Bernard Rapoport (July 17, 1917 – April 5, 2012)  was an American entrepreneur, philanthropist, author, and the founder of American Income Life Insurance Company.

Background and education
Rapoport was born in San Antonio, Texas. His father, David Rapoport, and mother, Riva Feldman, immigrated to the United States from Russia in the early 1900s. Rapoport's upbringing was very modest, and his father peddled blankets on the streets of San Antonio.

Rapoport grew up during the Great Depression, and times for his family proved to be very hard. When Rapoport was 6 years old, his family was evicted from their home, and they continued to face financial difficulties through the Depression. Yet, throughout his youth, Rapoport felt they had much to be grateful for, including books and music.

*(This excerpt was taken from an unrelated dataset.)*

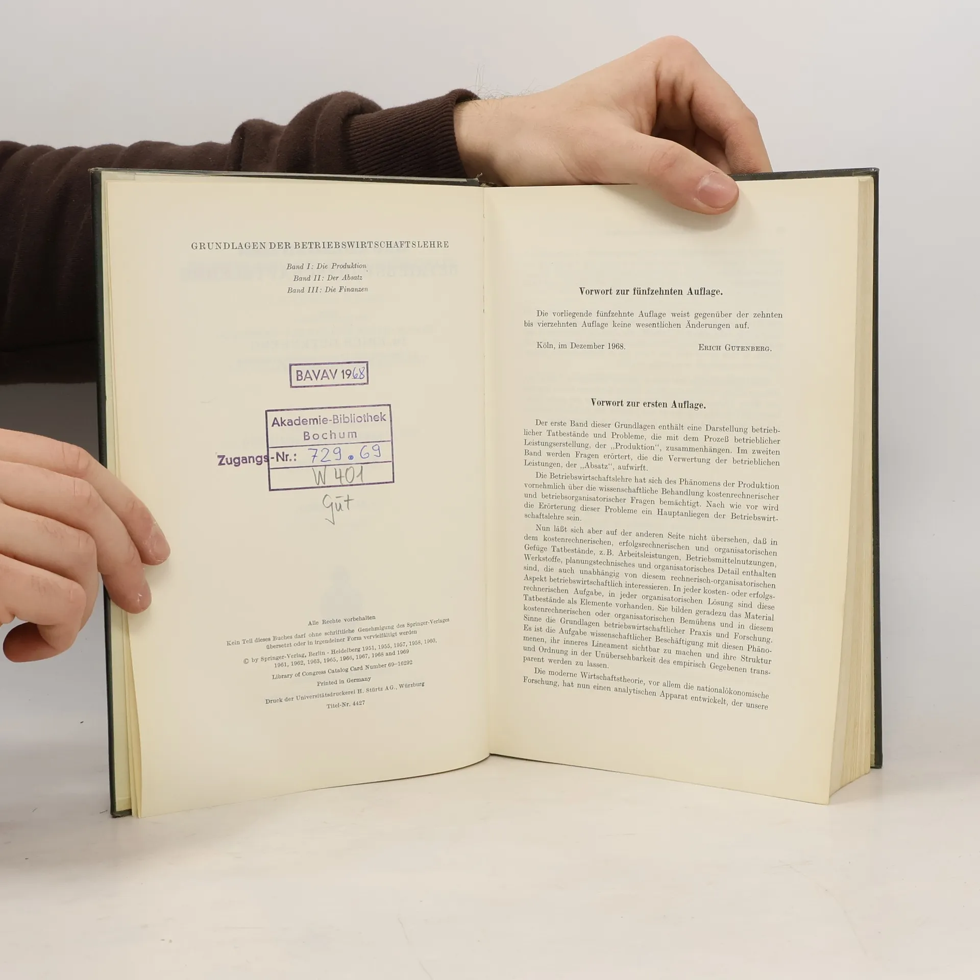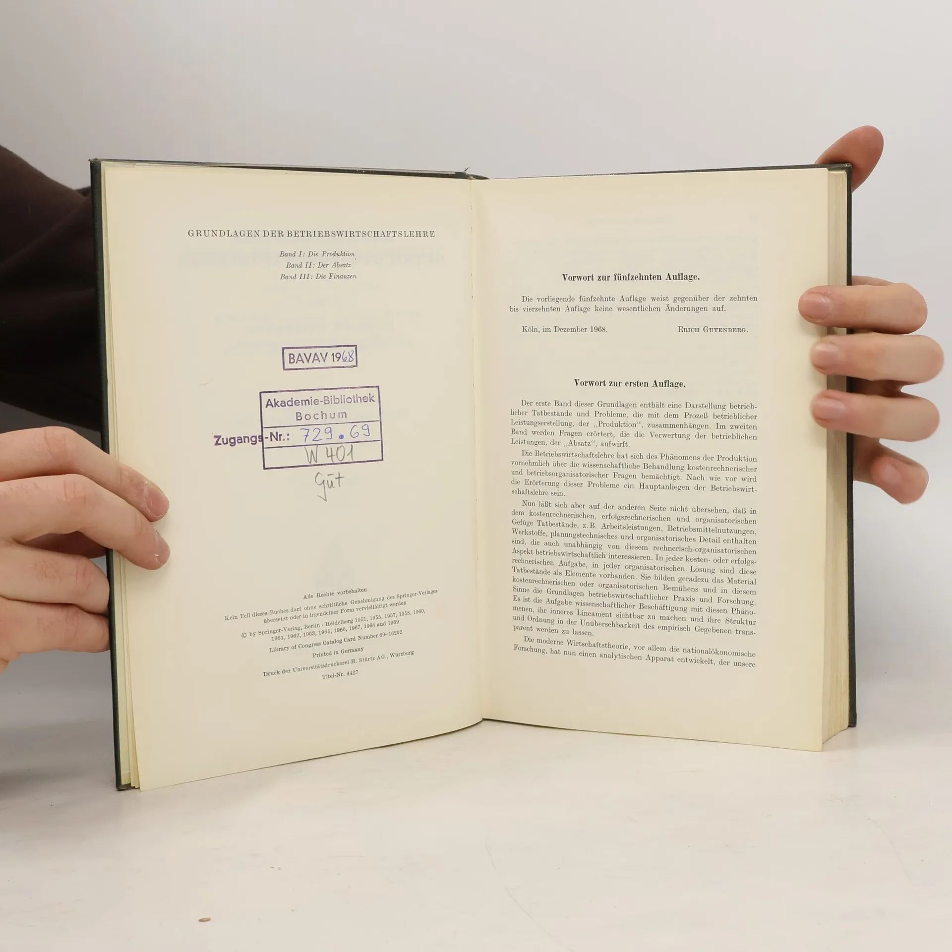 Enzyklopädie der Rechts- und Staatswissenschaft. Grundlagen der Betriebswirtschaftslehre 1. Die Produktion, Erich Gutenberg

Rapoport valued his education, and worked his way through college at a jewelry store. He graduated from The University of Texas at Austin with a Bachelor of Arts in 1939. Rapoport met Audre Newman in January 1942, and they soon married. The couple lived in Wichita Falls, Texas, where Rapoport continued his work in jewelry sales. Rapoport was also a founding father of the Gamma Deuteron Chapter of the Alpha Epsilon Pi fraternity in 1939 at the University of Texas at Austin, where he is an esteemed alumnus.

Career
In 1949, the couple moved to San Antonio, and Rapoport began his career selling insurance with Pioneer American Insurance. He realized that he had a talent for selling insurance. By the end of 1949, he had opened his own Pioneer American Agency in Waco. In 1951, Harold Goodman, Audre's uncle, was impressed with Rapoport's success and introduced him to the idea of running American Income. American Income Life Insurance Company (hereafter referred to as "American Income Life," "AIL," or "The Company") was chartered as a mutual assessment association in Indiana with $25,000 of borrowed capital. It was reinsured through American Standard as a new mutual reserve company in March 1951. The Company's home offices were located in Indianapolis, Indiana.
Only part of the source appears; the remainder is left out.